The international community has committed to halve the proportion of the population without sustainable access to safe drinking water and basic sanitation by 2015 (7th MDG).

Water supply and small-scale sanitation and BTC

Water and sanitation in Belgian development cooperation means (drinking) water supply, sewers and waste water treatment, the construction of toilets, waste management, dredging operations, integrated water management, awareness raising about hygiene, training of actors in the sector and institutional support.

Belgian cooperation has a long tradition in the field of hydraulics, namely in Morocco and Senegal, where it has been active in this sector for decades. Belgian support mainly concentrates on rural areas and urban peripheries with a “semi-urban” or “semi-rural” character.

Most of BTC interventions are financed by Belgium but there are also other donors who count on BTC for the execution of water projects. For instance, the water programmes in Rwanda, DR Congo and Tanzania are funded jointly by Belgium and EuropeAid (ACP-EU Water Facility). The programme in DR Congo is also funded by DFID and AFD.

The main challenges

To improve access to drinking water, the main challenge of the interventions is in ensuring the continuity of water service delivery. Whereas the installation of equipment is relatively simple, ensuring long-term service delivery remains delicate, especially in rural areas and outside cities, where the organisation of basic services is difficult and often more expensive.

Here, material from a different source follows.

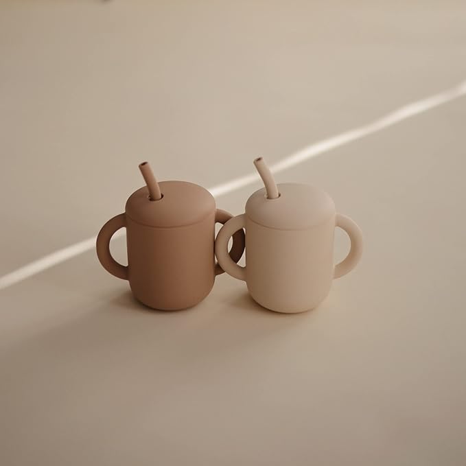 mushie 100% Silicone Training Cup & Straw for Toddlers | 6 Months+ (Natural)

To ensure continuity of services, optimal organisation of all actors concerned is essential. In general, strong training of water point managers is planned. At the same time, it is important that solutions are adapted to the needs and capacities of the users – both of men and women – and that the users learn to respect good hygienic practices and that they pay for the access to drinking water. The continuous search for technical solutions adapted to the context, in combination with the human side, capacity development, the institutional dialogue and the protection of the environment, makes supply of drinking water a complex and ever evolving sector, which, therefore, stands for much more than drilling wells and installing pipelines.